FreeSWITCH's core.db I/O bottleneck
On a normal configuration, core.db is written to disk almost every second, generating hundreds of block-writes per second. To avoid this problem, turn /usr/local/freeswitch/db into an in-memory filesystem. If you use SSDs, it is CRITICAL that you move coe.db to a RAM disk to prolong the life of the SSD.
On current FreeSWITCH versions you should use the documented "core-db-name" parameter in switch.conf.xml (simply restart FreeSwitch to apply the changes):
<param name="core-db-name" value="/dev/shm/core.db" />
Otherwise you may create a dedicated in-memory filesystem, for example by adding the following to the end of /etc/fstab
Example of /etc/fstab entry (using default size)

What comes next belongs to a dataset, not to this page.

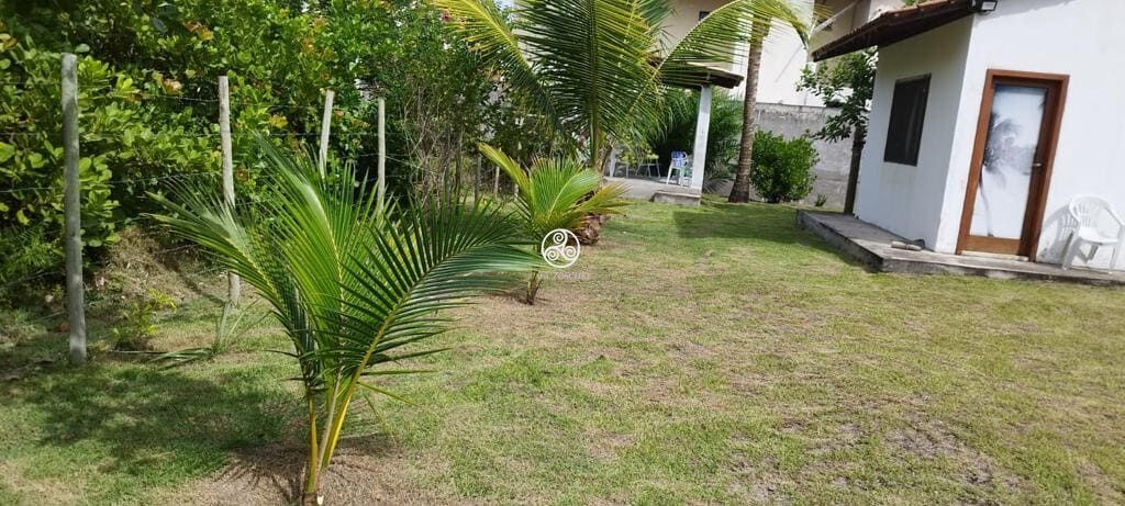 (conhecido como Aibim) passando ao fundo. Com terreno gramado, possui coqueiros, romãs plantados e cajueiros nativos,

tmpfs /usr/local/freeswitch/db tmpfs defaults 0 0
To specify a size for the filesystem use the appropriate mount(1) option:
tmpfs /usr/local/freeswitch/db tmpfs defaults,size=4g 0 0
To use the new filesystem run the following commands (or the equivalent commands for your OS):
mount /usr/local/freeswitch/db /etc/init.d/freeswitch restart
An alternative is to move the core DB into an ODBC database, which will move this processing to a DBMS which is capable of handling large numbers of requests far better and can even move this processing onto another server.